Exercise aim
Keep the wording of each record exactly the same when you repeat it, and leave out pictures.

Data
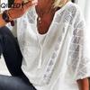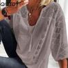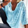 QICED Women's Fashion Casual Solid Color Print V Neck Blouses & Shirts
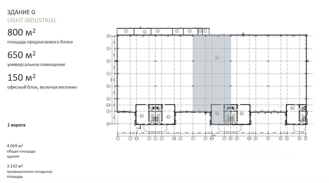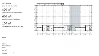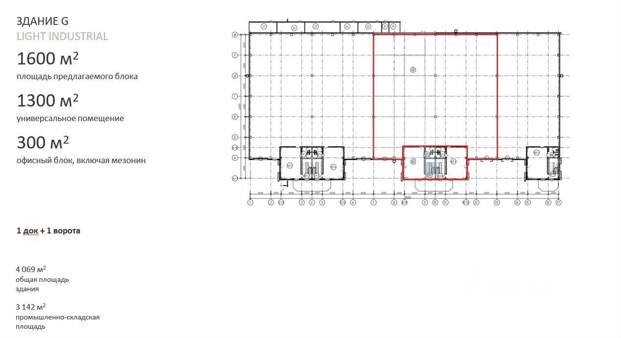 Помещение общей площадью 1600 м2 в здании G состоит из универсального промышленно-складского блока - 1300 м2, двухэтажной офисной части - 300 м2 Количество ворот на нулевом уровне от земли 2. Количество легковых и грузовых парковочных мест, включенных в стоимость, зависит от площади помещения.
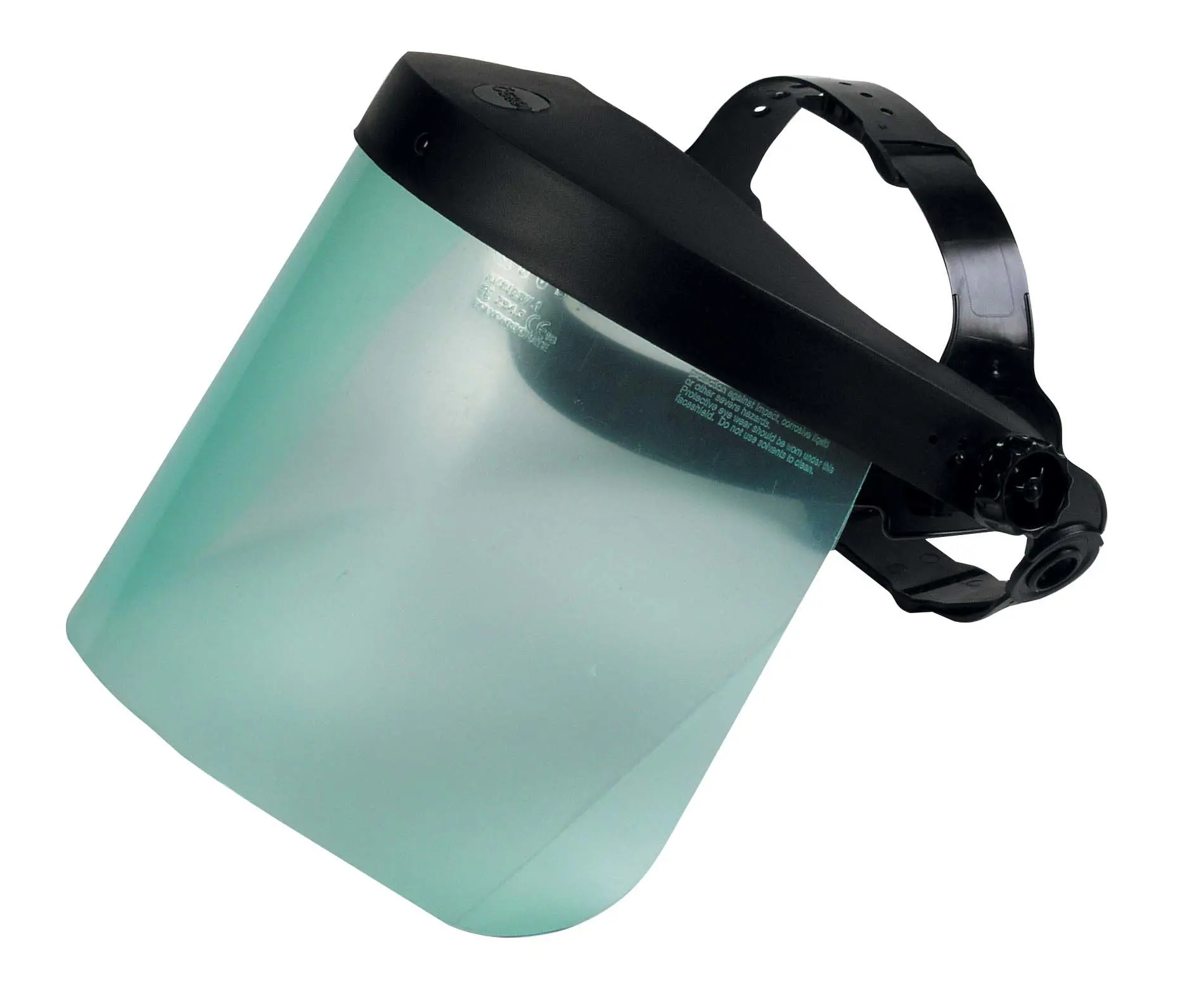 Čirý celoobličejový štít s náhlavním držákem a vyměnitelným zorníkem, zorník třídy F
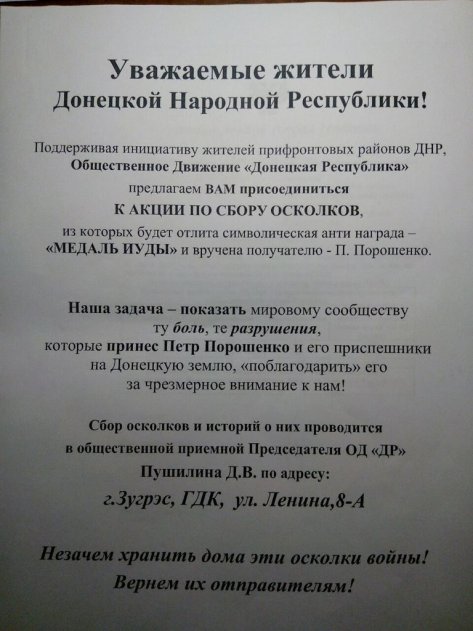 Мегапровокация под названием «орден Иуды», по замыслу организаторов, должна собрать до 100 тыс. мирных участников. Акция щедро спонсируется за счет российских налогоплательщиков. Так называемый орден планируют «вручить Порошенко», а для изготовления самого ордена объявлен сбор осколков от снарядов, которыми «Хунта обстреливает мирных жителей Донбасса» (см.скрины документов ниже).
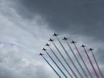 Keywords: Red Arrow squad.JPG Farnborough Airshow 2010 own Jaguar 2010-06-25 Aircraft formation flight of the Red Arrows BAE Hawk in the 2010s
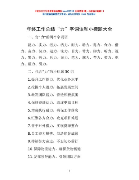 / 年终工作总结“力”字词语和小标题大全
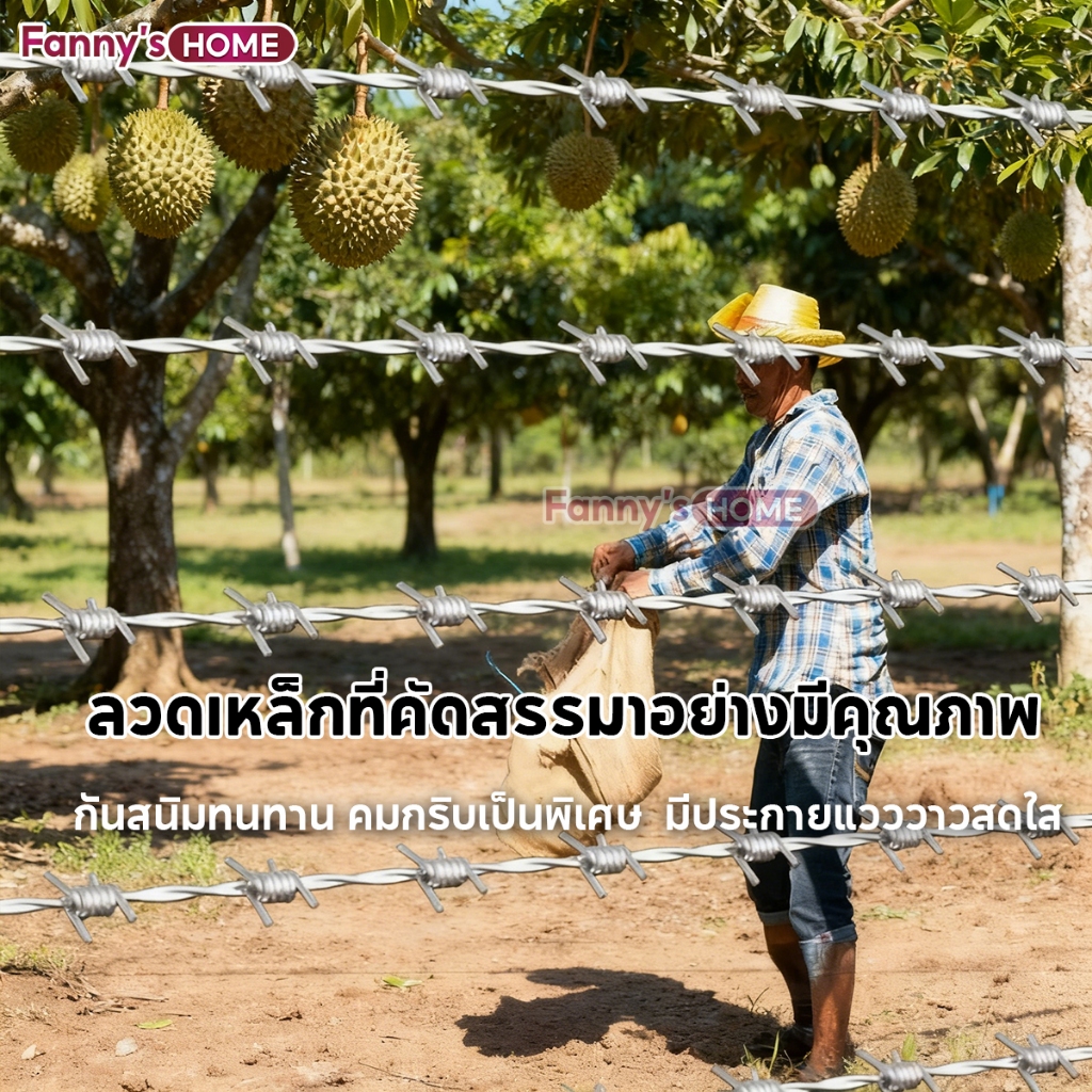 ลวดหนามชุบกัลวาไนซ์ ลวดหนาม (ยาว60-100เมตร) ลวด 2มิล1.7มิล 1.4มิล ปมเชือก 5 รอบ หนาแน่น กันสนิมทนทาน คมกริบ ใช้ได้นาน
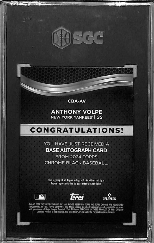 2024 Topps Chrome Black Refractor Green #CBA-AV Anthony Volpe SGC 10 Gem Auto 24/99 New York Yankees Baseball Card
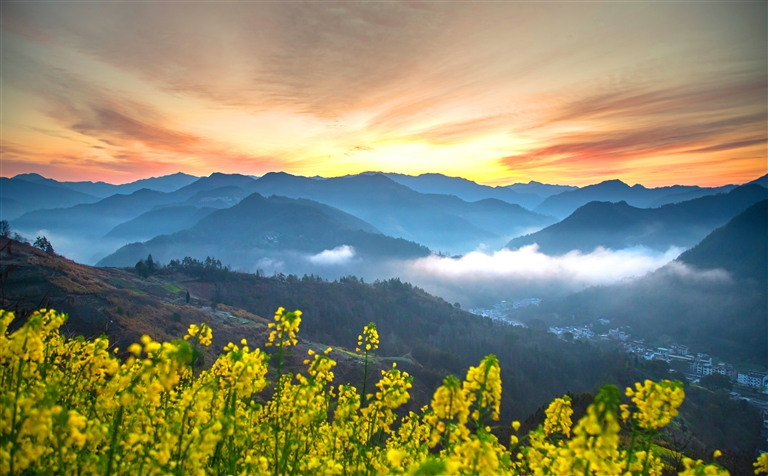 春風(fēng)輕吻黃山大地,一場(chǎng)盛大的花事正絢爛上演。
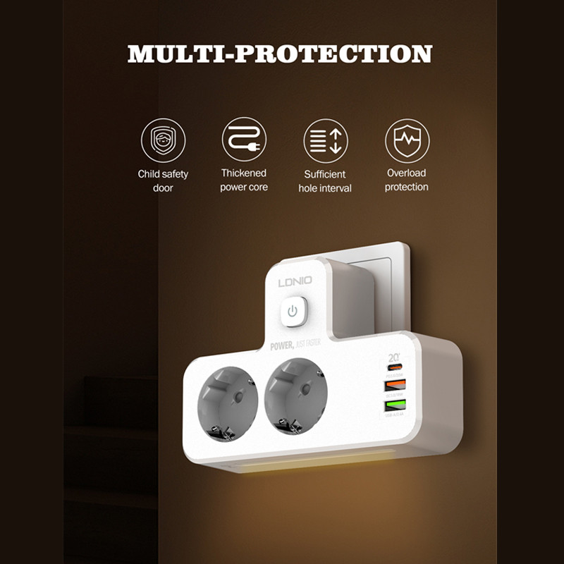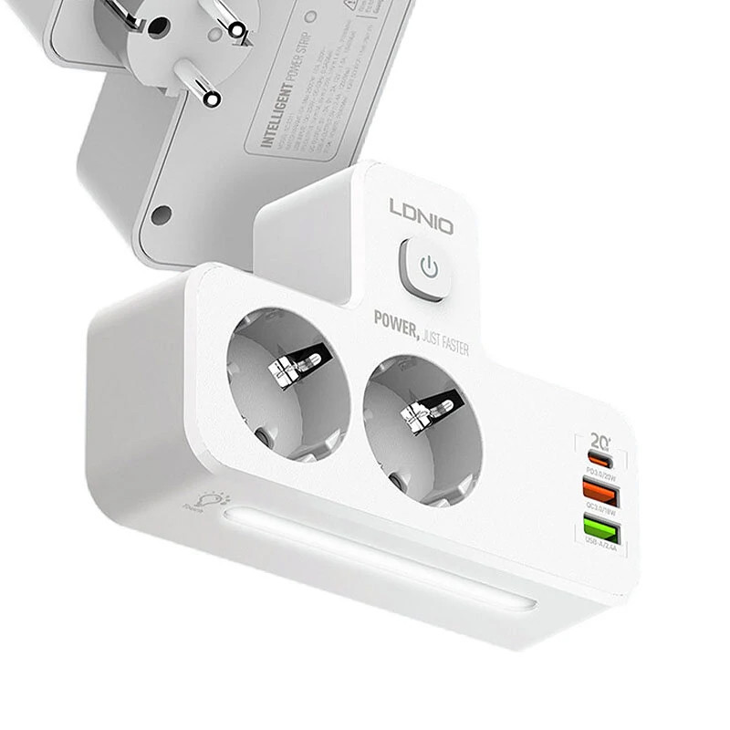 امروزه با زیاد شدن دستگاههای الکترونیکی و احتیاج به تامین انرژی، نیاز به چند راهی ها بیشتر احساس می شود. برند الدینیو از پیشتازان در عرصه تولید لوازم جانبی است و این محصولات از کیفیت بالایی برخوردار هستند. از تولیدات به روز این کمپانی می توان به چند راهی برق الدینیو مدل SE2337 اشاره کرد که محصول مناسبی برای میز کار شما محسوب می شود. این چند راهی علاوه بر 2 پریز برق، 3 خروجی USB نیز دارد که 2 خروجی USB-A و خروجی دیگر خروجی USB-C است. خروجی USB-C قابلیت PD3.0 و یکی از خروجی های USB-A قابلیت QC-3.0 را دارد تا بتوانید با سرعت بالا وسایل دیجیتال خود را شارژ کنید. توان کلی این محصول 2500 وات است. جنس بدنه چند راهی برق الدینیو مدل SE2337 از PC نسوز است و در برابر دمای بالا مقاوم است. یک کلید روی بدنه چندراهی برق الدینیو مدل SE2337 قرار گرفته است که امکان قطع و وصل کردن جریان برق را ایجاد میکند. با داشتن این محصول میتوانید به طور همزمان از 2 پریز برق و 3 خروجی USB استفاده کنید. در قسمت پایینی این محصول یک لامپ قرار داده شده که علاوه بر جذابیت، به عنوان چراغ خواب نیز کاربرد دارد. مشخصات فنی چند راهی برق الدینیو مدل SE2337 به شرح زیر است : Rated Power : 2500W Rated Voltage : 100-250V | 50-60Hz | 10A(Max) PD Output : 5V/3A | 9V/2.22A | 12V/1.67A | 20W(Max) QC3.0 Output : 5V/3A | 9V/2A | 12V/1.5A | 18W(Max) USB-A Output : 5V/2.4A | 12W(Max) Total Power : 20W Night Lamp Power : 15*0.2W/LED یکی دیگر از ویژگی های چند راهی برق الدینیو مدل SE2337 که آن را از بسیاری از محصولات مشابه در بازار متمایز میکند، قابلیت Turbo Power Engine است که بسته به دستگاهی که به این شارژر وصل میشود، بالاترین توان برای شارژ آن تامین می شود. در نظر داشته باشید با استفاده همزمان از پورت ها توان کلی بین آنها تقسیم خواهد شد.

Final answer
 QICED Women's Fashion Casual Solid Color Print V Neck Blouses & Shirts
 Помещение общей площадью 1600 м2 в здании G состоит из универсального промышленно-складского блока - 1300 м2, двухэтажной офисной части - 300 м2 Количество ворот на нулевом уровне от земли 2. Количество легковых и грузовых парковочных мест, включенных в стоимость, зависит от площади помещения.
 Čirý celoobličejový štít s náhlavním držákem a vyměnitelným zorníkem, zorník třídy F
 Мегапровокация под названием «орден Иуды», по замыслу организаторов, должна собрать до 100 тыс. мирных участников. Акция щедро спонсируется за счет российских налогоплательщиков. Так называемый орден планируют «вручить Порошенко», а для изготовления самого ордена объявлен сбор осколков от снарядов, которыми «Хунта обстреливает мирных жителей Донбасса» (см.скрины документов ниже).
 Keywords: Red Arrow squad.JPG Farnborough Airshow 2010 own Jaguar 2010-06-25 Aircraft formation flight of the Red Arrows BAE Hawk in the 2010s
 / 年终工作总结“力”字词语和小标题大全
 ลวดหนามชุบกัลวาไนซ์ ลวดหนาม (ยาว60-100เมตร) ลวด 2มิล1.7มิล 1.4มิล ปมเชือก 5 รอบ หนาแน่น กันสนิมทนทาน คมกริบ ใช้ได้นาน
 2024 Topps Chrome Black Refractor Green #CBA-AV Anthony Volpe SGC 10 Gem Auto 24/99 New York Yankees Baseball Card
 春風(fēng)輕吻黃山大地,一場(chǎng)盛大的花事正絢爛上演。
 امروزه با زیاد شدن دستگاههای الکترونیکی و احتیاج به تامین انرژی، نیاز به چند راهی ها بیشتر احساس می شود. برند الدینیو از پیشتازان در عرصه تولید لوازم جانبی است و این محصولات از کیفیت بالایی برخوردار هستند. از تولیدات به روز این کمپانی می توان به چند راهی برق الدینیو مدل SE2337 اشاره کرد که محصول مناسبی برای میز کار شما محسوب می شود. این چند راهی علاوه بر 2 پریز برق، 3 خروجی USB نیز دارد که 2 خروجی USB-A و خروجی دیگر خروجی USB-C است. خروجی USB-C قابلیت PD3.0 و یکی از خروجی های USB-A قابلیت QC-3.0 را دارد تا بتوانید با سرعت بالا وسایل دیجیتال خود را شارژ کنید. توان کلی این محصول 2500 وات است. جنس بدنه چند راهی برق الدینیو مدل SE2337 از PC نسوز است و در برابر دمای بالا مقاوم است. یک کلید روی بدنه چندراهی برق الدینیو مدل SE2337 قرار گرفته است که امکان قطع و وصل کردن جریان برق را ایجاد میکند. با داشتن این محصول میتوانید به طور همزمان از 2 پریز برق و 3 خروجی USB استفاده کنید. در قسمت پایینی این محصول یک لامپ قرار داده شده که علاوه بر جذابیت، به عنوان چراغ خواب نیز کاربرد دارد. مشخصات فنی چند راهی برق الدینیو مدل SE2337 به شرح زیر است : Rated Power : 2500W Rated Voltage : 100-250V | 50-60Hz | 10A(Max) PD Output : 5V/3A | 9V/2.22A | 12V/1.67A | 20W(Max) QC3.0 Output : 5V/3A | 9V/2A | 12V/1.5A | 18W(Max) USB-A Output : 5V/2.4A | 12W(Max) Total Power : 20W Night Lamp Power : 15*0.2W/LED یکی دیگر از ویژگی های چند راهی برق الدینیو مدل SE2337 که آن را از بسیاری از محصولات مشابه در بازار متمایز میکند، قابلیت Turbo Power Engine است که بسته به دستگاهی که به این شارژر وصل میشود، بالاترین توان برای شارژ آن تامین می شود. در نظر داشته باشید با استفاده همزمان از پورت ها توان کلی بین آنها تقسیم خواهد شد.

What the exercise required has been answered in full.